Living Computers: Museum + Labs (LCM+L) is a computer and technology museum located in the SoDo neighborhood of Seattle, Washington. LCM+L showcases vintage computers which provide interactive sessions, either through time-sharing operating systems or single-user interfaces. This gives users a chance to actually use the computers online or in-person in the museum. An expansion adds direct touch experiences with contemporary technologies such as self-driving cars, the internet of things, big data, and robotics. This puts today's computer technology in the context of how it's being used to tackle real-world issues.
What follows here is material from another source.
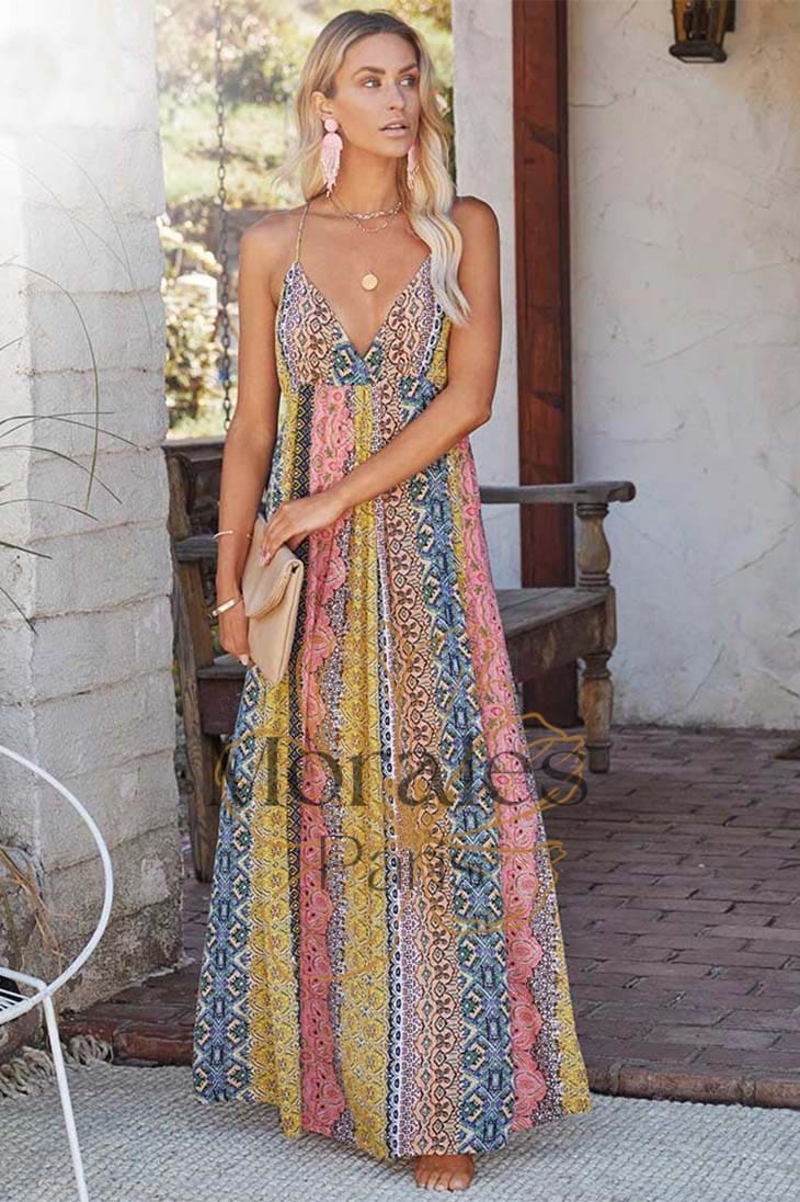 Cette splendide robe présente un décolleté plongeant et des fines bretelles qui mettent votre silhouette féminine en valeur. Les couleurs vives et les motifs floraux ethniques seront certainement un véritable succès partout où vous irez. Idéale pour une journée ou une soirée d’été, cette robe multicolore vous donnera l’impression d’être une déesse !

LCM+L also hosts a wide range of educational programs and events in their state-of-the art classroom and lab spaces.

According to an archived version of LCM's website, their goal is "to breathe life back into our machines so the public can experience what it was like to see them, hear them, and interact with them. We make our systems accessible by allowing people to come and interact with them, and by making them available over the Internet."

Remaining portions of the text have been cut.